PROBLEM REQUIREMENTS
For the entries that follow, produce an exact copy with no pictures in it.

--*--

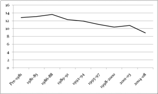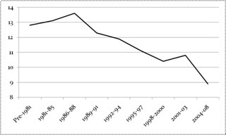 ▪ Then things start heading downhill—a little above or below 12 in 1989-1994, dropping sharply to 11 and below after 1995.
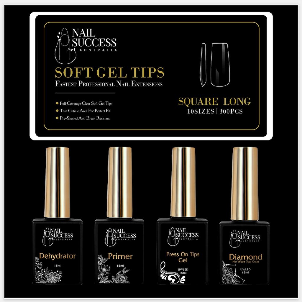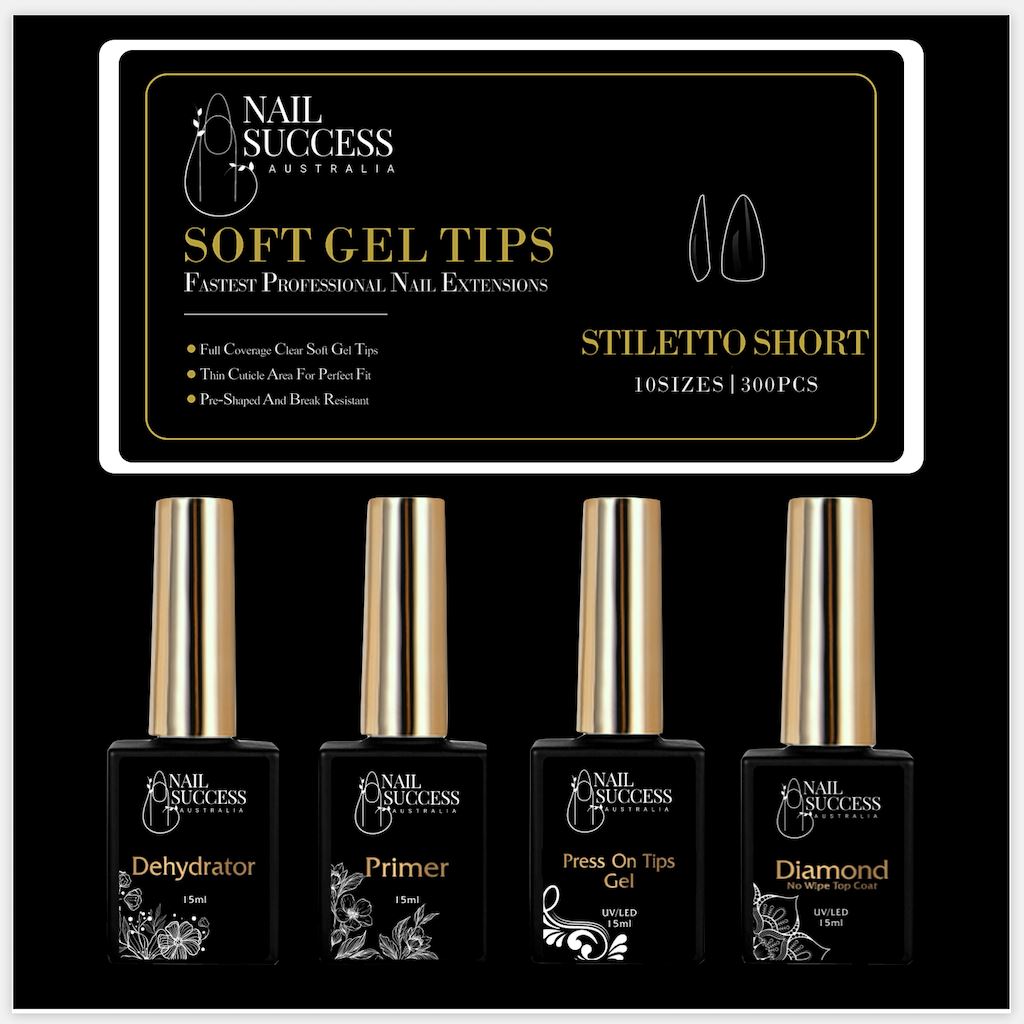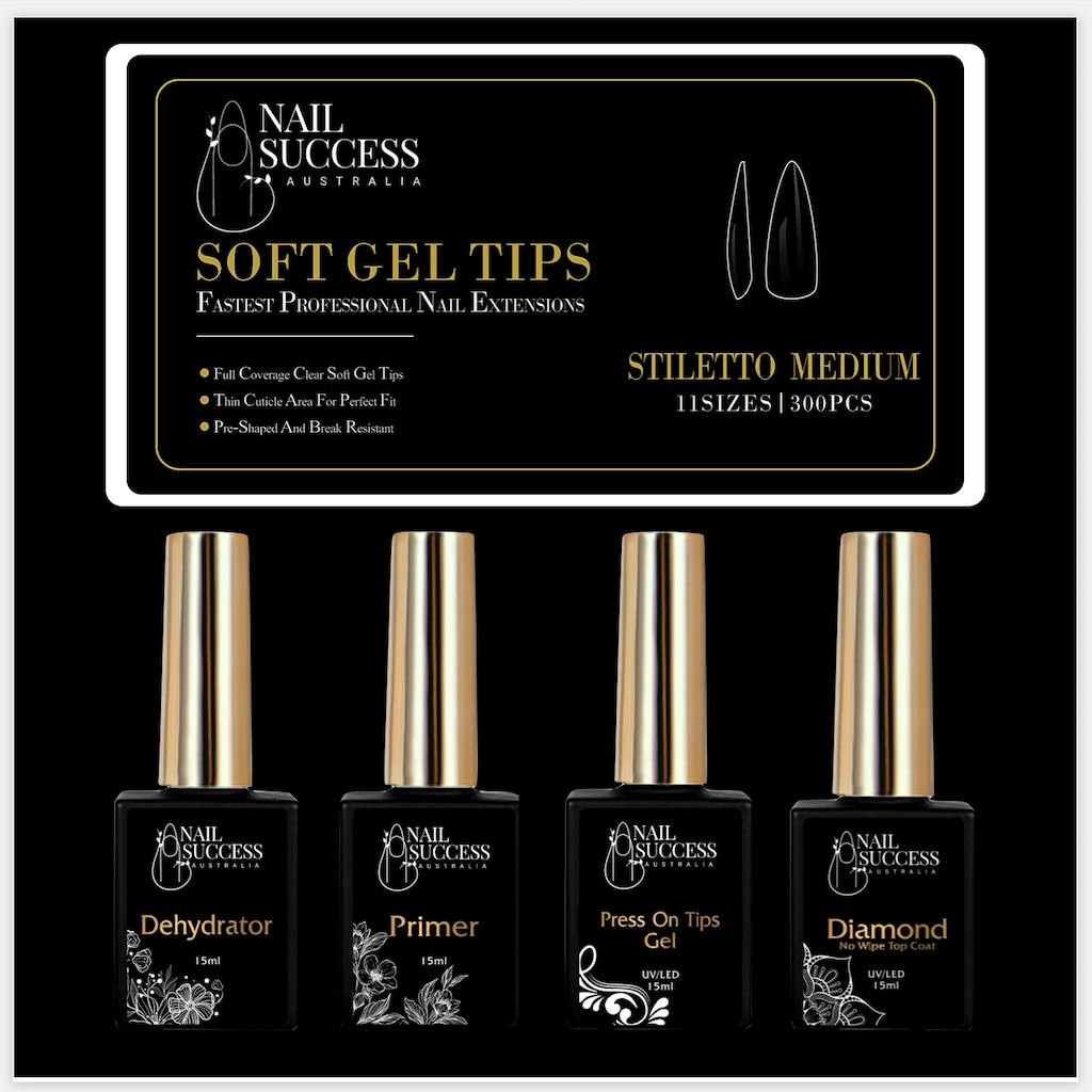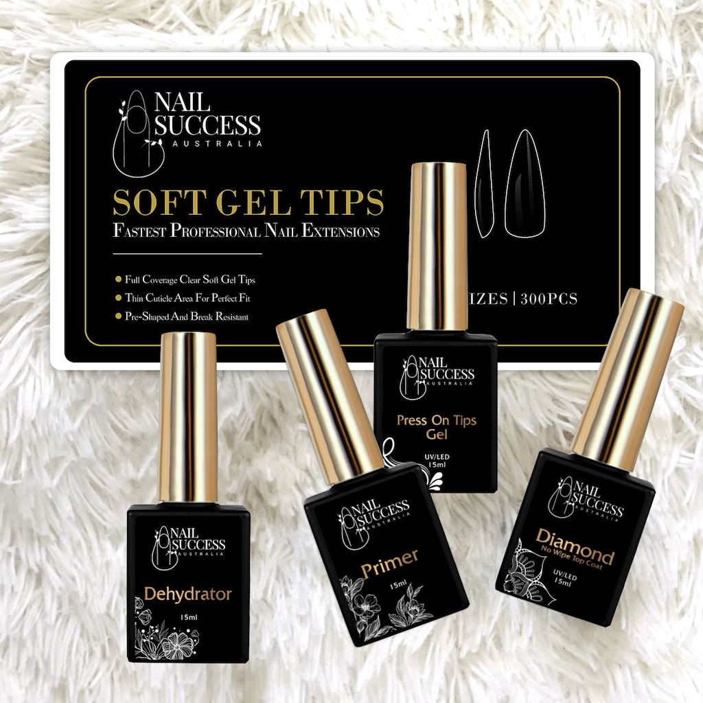 The NSI Australia Soft Gel Press On Nail Kit is perfect for creating easy nail extensions. It includes everything you need, you just must have a Nail Lamp that cures Gels and or Gel Polishes. The Kit includes the Soft Gel Press On Tips which are already shaped and ready to use as well as the 4 Gel Bottle System to get perfect long nail extensions that last 4 weeks! No lifting and no chipping.
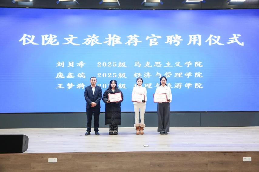 仪陇县文广旅局副局长秦燕青在红色文化专题介绍中,全面展示了仪陇镌刻初心的红色遗迹、跨越千年的厚重文脉、指尖生花的国家级非遗技艺和独具韵味的客家风情。德瑞文旅集团现场发布研学实践优惠政策,为师生走进仪陇、体验德乡魅力提供了丰富选择,并随后聘任3位重师学子为红色文化推荐官。
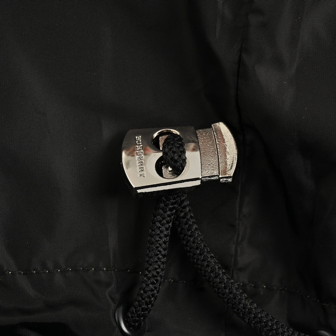 Lightweight hooded jacket, made of woven nylon fabric, designed with an adjustable drawstring hood and double zipper design! Appliqué embroidered knight's horse at hem. Perfectly improves overall height. It perfectly demonstrates the presence of the BUR brand and is highly recognizable with a classic regular silhouette design. Both the recognition and personality are very good, and it can be easily worn to reflect the young lady's pursuit of fashion.
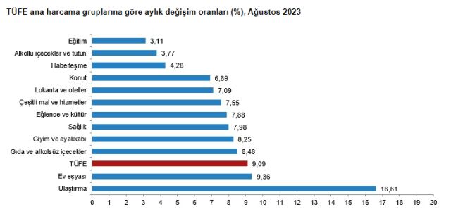 Ana harcama grupları itibarıyla 2023 yılı Ağustos ayında bir önceki aya göre en az artış gösteren ana grup %3,11 ile eğitim oldu. Buna karşılık, 2023 yılı Ağustos ayında bir önceki aya göre artışın en yüksek olduğu ana grup ise %16,61 ile ulaştırma oldu.
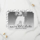 Moderne Save the Date Karte in minimalistischem Design. Fügen Sie einfach ein Foto von Ihnen und Ihrem Partner hinzu. Save the Date ist in einem schönen Skript als Foto-Overlay geschrieben. Die Rückseite weist ein elegantes Schwarzweiß-Muster von Sprinklen auf.
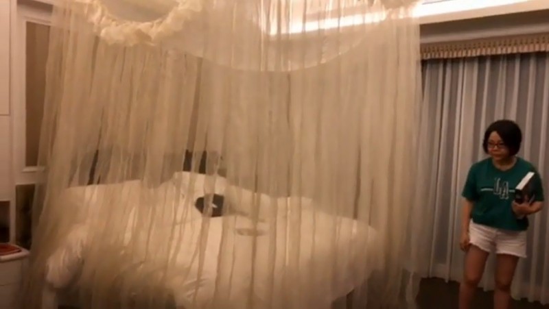 擅於理財的于美人砸2.5億買下位於中山區的90坪豪宅,在直播中掌鏡的友人直搗閨房,只見于美人坐在純白的大床上看書,整個人被大蚊帳罩住,讓友人傻眼問「妳以為妳是公主喔」,她的房間走簡約風格,蚊帳置身其中的確有些格格不入,粉絲們笑說「當兵時的產物」、「居然有這麼大的蚊帳」,于美人反駁這能防夏天惱人的蚊子,並強調這是法國的「頂級紗帳」,清理起來相當方便。
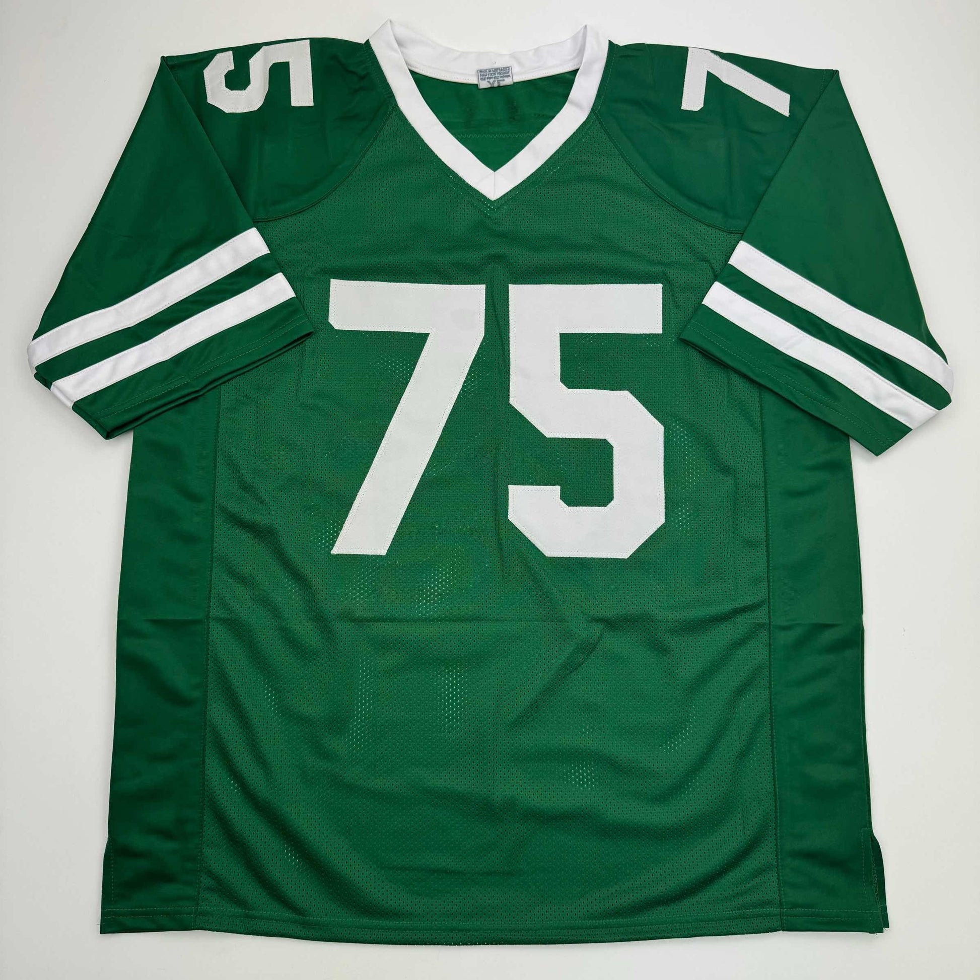 Jersey has no brand names or logos. This is a custom jersey and was not manufactured by or in any manner associated with any professional sports league or manufacturer. This custom jersey carries no professional sports league designation. The item is intended to be an autographed collectible. The custom jersey displays the name and number of the player. This item in no way is affiliated with or connected to any professional sports organization. Size is XL.
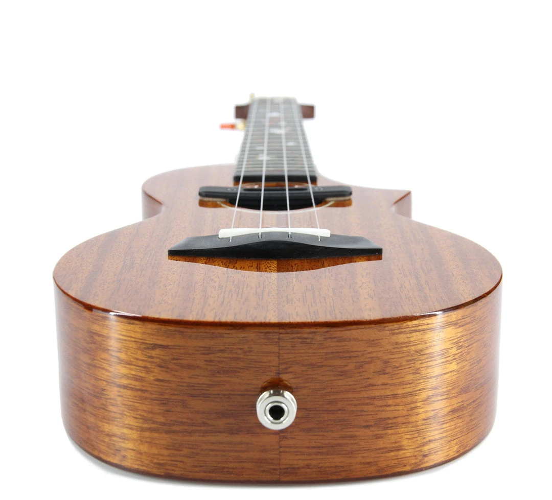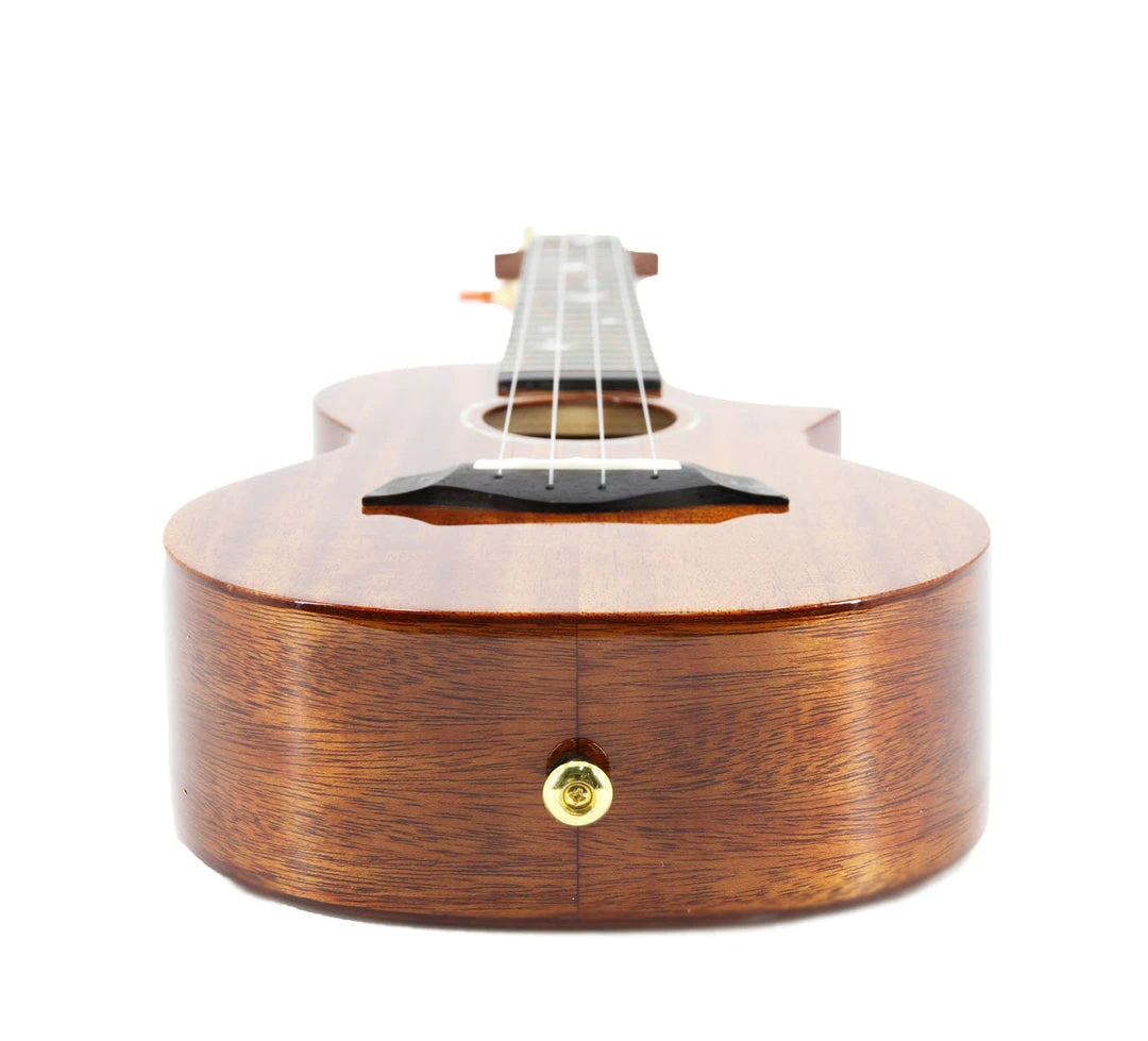 The same instrument as our traditional solid body Mahogany Ukulele, but in a stunning, hi-gloss wood finish. For discerning players, the choice of tonewood is important. Mahogany is a reddish-brown tropical hardwood known for being durable yet lightweight. Its well-balanced and moderate tone has made Mahogany among the most widely used tonewoods for Ukuleles. The M6 features solid Mahogany top, back, and sides and upgraded tuners that aid in Intonation and to help it stay in tune. The high gloss finish is wear and corrosion-resistant, with the added benefit of contributing to its clear, crisp tone. Great for a range of players from beginner, intermediate, or professional.
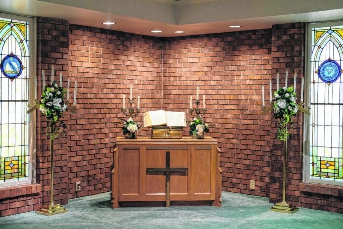 Married couples can celebrate love and commitment by revisiting the pledges they made to one another — ‘til death do us part. First United Methodist Church at 618 Eighth St. in downtown Columbus is offering five-minute, no-appointment vow renewals between 11:30 a.m. and 1 p.m. and again from 5 to 6:30 p.m. today. The individual time slots will include a brief liturgy, blessing of rings, and a short prayer in the chapel adorned with floral arrangements and candelabras — and an artsy marriage banner.

--*--

EXERCISE OUTPUT
 ▪ Then things start heading downhill—a little above or below 12 in 1989-1994, dropping sharply to 11 and below after 1995.
 The NSI Australia Soft Gel Press On Nail Kit is perfect for creating easy nail extensions. It includes everything you need, you just must have a Nail Lamp that cures Gels and or Gel Polishes. The Kit includes the Soft Gel Press On Tips which are already shaped and ready to use as well as the 4 Gel Bottle System to get perfect long nail extensions that last 4 weeks! No lifting and no chipping.
 仪陇县文广旅局副局长秦燕青在红色文化专题介绍中,全面展示了仪陇镌刻初心的红色遗迹、跨越千年的厚重文脉、指尖生花的国家级非遗技艺和独具韵味的客家风情。德瑞文旅集团现场发布研学实践优惠政策,为师生走进仪陇、体验德乡魅力提供了丰富选择,并随后聘任3位重师学子为红色文化推荐官。
 Lightweight hooded jacket, made of woven nylon fabric, designed with an adjustable drawstring hood and double zipper design! Appliqué embroidered knight's horse at hem. Perfectly improves overall height. It perfectly demonstrates the presence of the BUR brand and is highly recognizable with a classic regular silhouette design. Both the recognition and personality are very good, and it can be easily worn to reflect the young lady's pursuit of fashion.
 Ana harcama grupları itibarıyla 2023 yılı Ağustos ayında bir önceki aya göre en az artış gösteren ana grup %3,11 ile eğitim oldu. Buna karşılık, 2023 yılı Ağustos ayında bir önceki aya göre artışın en yüksek olduğu ana grup ise %16,61 ile ulaştırma oldu.
 Moderne Save the Date Karte in minimalistischem Design. Fügen Sie einfach ein Foto von Ihnen und Ihrem Partner hinzu. Save the Date ist in einem schönen Skript als Foto-Overlay geschrieben. Die Rückseite weist ein elegantes Schwarzweiß-Muster von Sprinklen auf.
 擅於理財的于美人砸2.5億買下位於中山區的90坪豪宅,在直播中掌鏡的友人直搗閨房,只見于美人坐在純白的大床上看書,整個人被大蚊帳罩住,讓友人傻眼問「妳以為妳是公主喔」,她的房間走簡約風格,蚊帳置身其中的確有些格格不入,粉絲們笑說「當兵時的產物」、「居然有這麼大的蚊帳」,于美人反駁這能防夏天惱人的蚊子,並強調這是法國的「頂級紗帳」,清理起來相當方便。
 Jersey has no brand names or logos. This is a custom jersey and was not manufactured by or in any manner associated with any professional sports league or manufacturer. This custom jersey carries no professional sports league designation. The item is intended to be an autographed collectible. The custom jersey displays the name and number of the player. This item in no way is affiliated with or connected to any professional sports organization. Size is XL.
 The same instrument as our traditional solid body Mahogany Ukulele, but in a stunning, hi-gloss wood finish. For discerning players, the choice of tonewood is important. Mahogany is a reddish-brown tropical hardwood known for being durable yet lightweight. Its well-balanced and moderate tone has made Mahogany among the most widely used tonewoods for Ukuleles. The M6 features solid Mahogany top, back, and sides and upgraded tuners that aid in Intonation and to help it stay in tune. The high gloss finish is wear and corrosion-resistant, with the added benefit of contributing to its clear, crisp tone. Great for a range of players from beginner, intermediate, or professional.
 Married couples can celebrate love and commitment by revisiting the pledges they made to one another — ‘til death do us part. First United Methodist Church at 618 Eighth St. in downtown Columbus is offering five-minute, no-appointment vow renewals between 11:30 a.m. and 1 p.m. and again from 5 to 6:30 p.m. today. The individual time slots will include a brief liturgy, blessing of rings, and a short prayer in the chapel adorned with floral arrangements and candelabras — and an artsy marriage banner.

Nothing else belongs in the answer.